Mas analisemos a definição de Simpson que, como dissemos, concilia quantos pontos de vista se conhecem. Nas condições de papel e tendências evolutivas próprios estão incluídas as características orgânicas e genéticas dos indivíduos que pertençam a populações, e estas generalizam as mesmas qualidades em linhagens. Para que, entretanto, as características orgânicas e genéticas das linhagens cheguem a definir espécies, falta a condição evoluindo separadamente de outras. Evoluindo separadamente de outras, o isolamento reprodutivo é conditio sine qua non. Se pudéssemos reunir, em um habitat compatível com tôdas, várias espécies duvidosas inoculadas com indicadores radioativos em número bastante para uma análise posterior das progênies, nós poderíamos, através de uma sequência significante de gerações, separar as espécies verdadeiras sem qualquer verificação de suas características genéricas /genéticas/ ou orgânicas. Só para efeito do comércio pragmático entre pesquisadores ou para tornar prático o conhecimento daquelas espécies é que nós procuraríamos diagnosticá-las em função de caracteres observáveis sem a intervenção dos indicadores radioativos. A diagnose seria, depois, aplicável a quaisquer indivíduos de amostras não experimentadas por aquêle sistema. E. só então, estaríamos seguros de que os indivíduos satisfaziam à definição completa. A definição nos serviu à classificação das espécies aludidas. Não nos deu, de fato, nenhuma idéia do que fosse espécie. Sobre de que leis de probabilidades resultam as espécies. Porque uma definição resume a experiência acumulada pelos classificadores para ser aplicada em fatos novos e mais a inferência de que sejam aplicáveis, independentemente, onde sejam impossíveis as verificações. É um instrumento empírico de trabalho e tem resultado útil, embora mantenha o sistemata apreensivo ante o fantasma da subjetividade.

É sediça, mas vai nos servir aquí de digressão, a comparação da necessidade de objetivar espécies em indivíduos, com a prática internacional de aceitar a moeda corrente de cada país como tendo valor objetivo nas trocas cambiais. Ainda que haja correlação entre a moeda corrente e riqueza acumulada, a moeda corrente tem um valor subjetivo, dependente de probabilidades potenciais estranhas à objetivação do lastro convencional. O valor fiduciário da moeda corrente não pode ser tão objetivo como para aquêle que esperava vêr uma "nota" de quinhentos cruzeiros 25 vezes maior do que uma de 20 cruzeiros; nem tão subjetivo como para Stanislaw Ponte Preta preconizando uma moeda de quinhentos cruzeiros para uso nos telefones automáticos.

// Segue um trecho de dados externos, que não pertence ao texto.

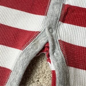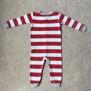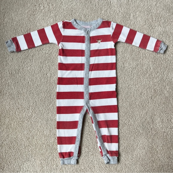 Pre-loved condition button / snap up pajamas or one-piece. Adorable worn in look, slight pilling and one stain at the top of the legs in the front - photos shown. Reindeer detail 🎅

Há pouco tempo, um mestre de obras explicava-me um processo rigorosamente certo para obter o esquadrejamento das paredes em uma construção à base dos números 3, 4 e 5. No alinhar as fundações, êle marcava em uma delas três unidades métricas e na fundação adjacente, quatro unidades idênticas às primeiras. Se as duas fundações estivessem em ângulo reto, a distância entre os dois pontos marcados seria, exatamente, de cinco daquelas unidades. O conhecimento lhe veio de tradição, de experiências muitas vezes comprovadas e provava que os números 3, 4 e 5, naquelas circunstâncias, definiam o ângulo reto. Explicamos-lhe que o fato era comprovadamente certo e que já era conhecido dos arquitetos egípcios. Isso empolgou-o e pudemos sentí-lo orgulhoso de conhecimentos tão profundos.

Para o nosso mestre de obras, uma definição de ângulo reto seria mais ou menos assim: o ângulo que se obtém quando linhas de 3, 4 e cinco unidades podem ser unidas pelas extremidades. E êle talvez fôsse tentado a simplificar a cousa em uma fórmula: 3a+4a+5a=ângulo reto. E tudo daria certo e suas paredes continuariam a subir no mais perfeito esquadro.

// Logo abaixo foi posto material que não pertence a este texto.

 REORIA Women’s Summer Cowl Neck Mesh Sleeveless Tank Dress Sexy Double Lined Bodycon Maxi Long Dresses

Será que nós, sistematas, não estaremos usando uma fórmula semelhante: linhagens + adaptações + isolamento reprodutivo = espécie?

Que aconteceria se o nosso amigo mestre de obras travasse conhecimento com o teorema pitagórico ou pudesse simplificá-lo na fórmula a2 + b2 = c2 ? Evidentemente suas paredes não seriam melhoradas, mas êle teria aprendido a usar uma equação racional, uma lei geral, capaz, de libertar seu raciocínio das propriedades mágicas dos números 3, 4 e 5, e torná-lo apto a lidar com quaisquer números e prevêr condições que satisfizessem a equação simples.

Se nós, também, conseguíssemos tratar a espécie em têrmos de equação racional certamente nos livraríamos de uma série de incovenientes e incertezas, ainda que os dados se tornassem menos precisos. A vantagem de uma equação racional ou lei, segundo Brody, não é de que ela nos apresente dados mais precisos, mas de que nos proporcione a compreensão de uma uniformidade ou lei natural e de que permita a previsão lógica da repetição dos fenômenos.

A lei da espécie já está, pràticamente, expressa em tôda a literatura.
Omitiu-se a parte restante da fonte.